Write out the records that follow exactly. Do not include pictures.

**** The data ****

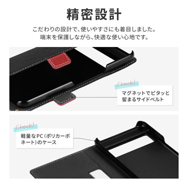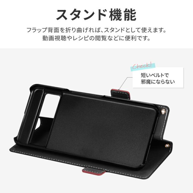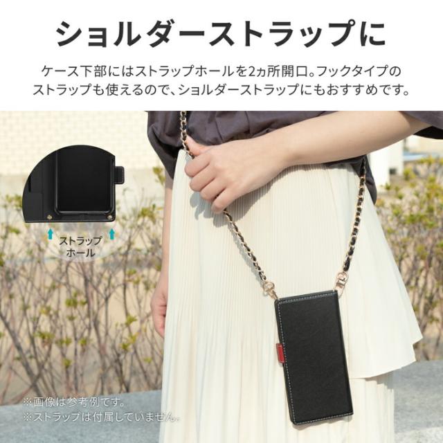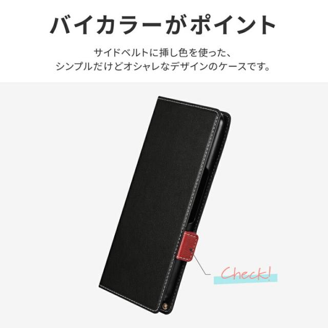 サイドベルトがバイカラーになった遊び心ある手帳型ケース/ピタッと固定できるマグネット仕様/すぐ取り出せて嵩張らないカード収納ポケット(1枚)/動画視聴に最適なスタンド機能/ショルダーストラップが使える2つのホール搭載。
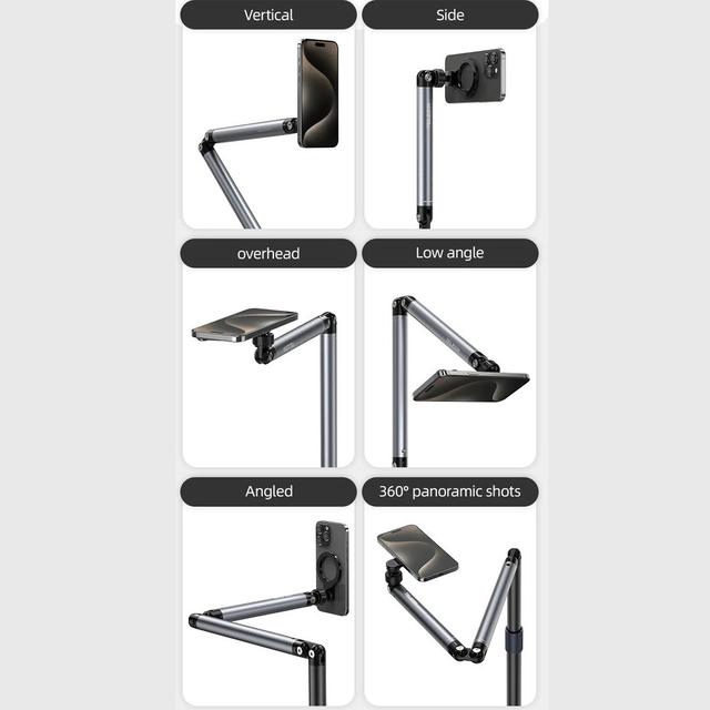 360° full rotation with a dual-direction metal hinge lets you switch between horizontal, vertical, overhead, or panoramic shots without moving the base.
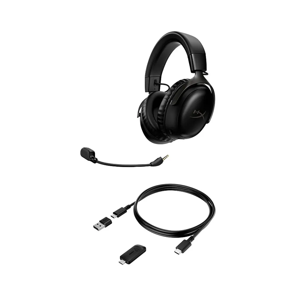 - Box contents: Wireless gaming headset, detachable microphone, wireless dongle, USB Type-C to USB Type-A adapter, USB charge cable (1.64’/0.5m), quick start guide
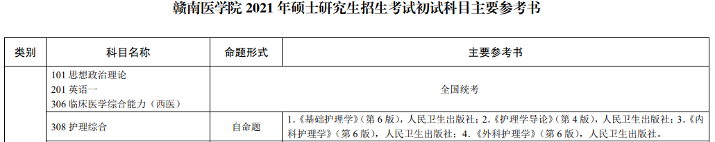 贛南醫(yī)學院2021年護理碩士研究生招生考試初試科目
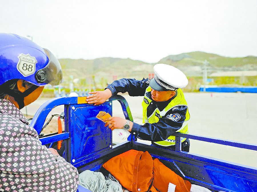 活动期间,民警联合各乡(镇)派出所在国省道沿线村庄路口设立交通安全劝导站,通过发放宣传资料及面对面宣讲等方式,引导摩托车和电动自行车骑乘人员自觉佩戴头盔、汽车驾乘人员规范使用安全带,拒绝酒驾毒驾、超员超速、疲劳驾驶等交通违法行为。同时,针对反光标识不清晰、老化、不完整的农用车、电动三轮等车辆,民警主动粘贴反光贴,切实消除安全隐患,受到群众广泛好评。 哈马什·苏肯 摄
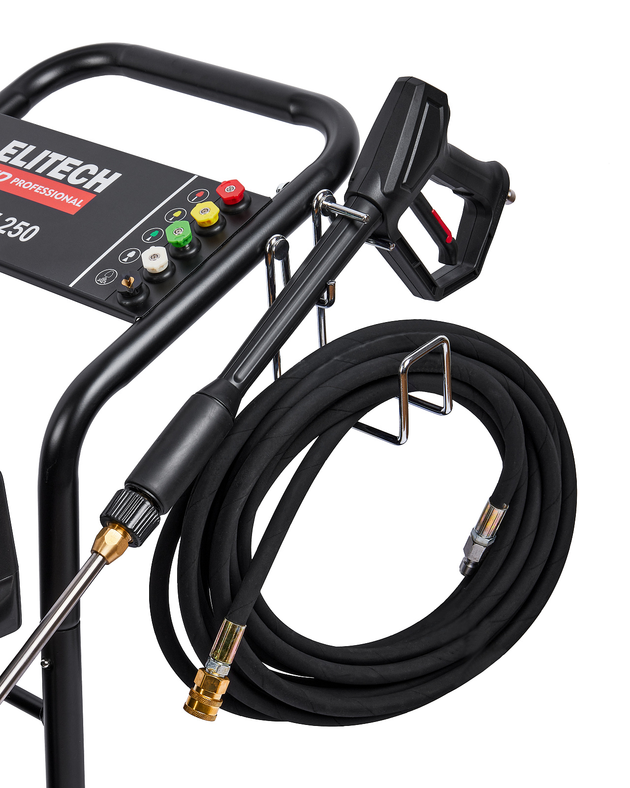 Мойка Elitech является самовсасывающей и может забирать воду, как из водопровода, так и из емкости с водой.
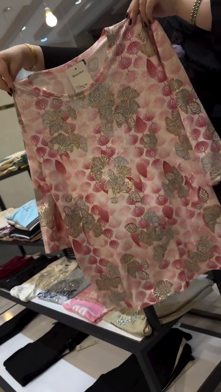 This blush pink festive kurta-style top πΈ features intricate gold metallic leaf embroidery π with soft shimmering detailing for a luxurious glow β¨. The semi-sheer lightweight fabric adds elegance while maintaining comfort βοΈ.
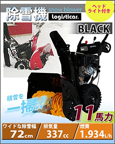 除雪機 自走式 セル付き ヘッドライト付き ブラック 除雪幅約72cm 337cc 11馬力 11HP 4サイクル 雪かき機 雪かき 投雪 除雪作業 エンジン ガソリン 自走 家庭用 黒 BLACK josetu28ebk

****

▸ **Answer section**
 サイドベルトがバイカラーになった遊び心ある手帳型ケース/ピタッと固定できるマグネット仕様/すぐ取り出せて嵩張らないカード収納ポケット(1枚)/動画視聴に最適なスタンド機能/ショルダーストラップが使える2つのホール搭載。
 360° full rotation with a dual-direction metal hinge lets you switch between horizontal, vertical, overhead, or panoramic shots without moving the base.
 - Box contents: Wireless gaming headset, detachable microphone, wireless dongle, USB Type-C to USB Type-A adapter, USB charge cable (1.64’/0.5m), quick start guide
 贛南醫(yī)學院2021年護理碩士研究生招生考試初試科目
 活动期间,民警联合各乡(镇)派出所在国省道沿线村庄路口设立交通安全劝导站,通过发放宣传资料及面对面宣讲等方式,引导摩托车和电动自行车骑乘人员自觉佩戴头盔、汽车驾乘人员规范使用安全带,拒绝酒驾毒驾、超员超速、疲劳驾驶等交通违法行为。同时,针对反光标识不清晰、老化、不完整的农用车、电动三轮等车辆,民警主动粘贴反光贴,切实消除安全隐患,受到群众广泛好评。 哈马什·苏肯 摄
 Мойка Elitech является самовсасывающей и может забирать воду, как из водопровода, так и из емкости с водой.
 This blush pink festive kurta-style top πΈ features intricate gold metallic leaf embroidery π with soft shimmering detailing for a luxurious glow β¨. The semi-sheer lightweight fabric adds elegance while maintaining comfort βοΈ.
 除雪機 自走式 セル付き ヘッドライト付き ブラック 除雪幅約72cm 337cc 11馬力 11HP 4サイクル 雪かき機 雪かき 投雪 除雪作業 エンジン ガソリン 自走 家庭用 黒 BLACK josetu28ebk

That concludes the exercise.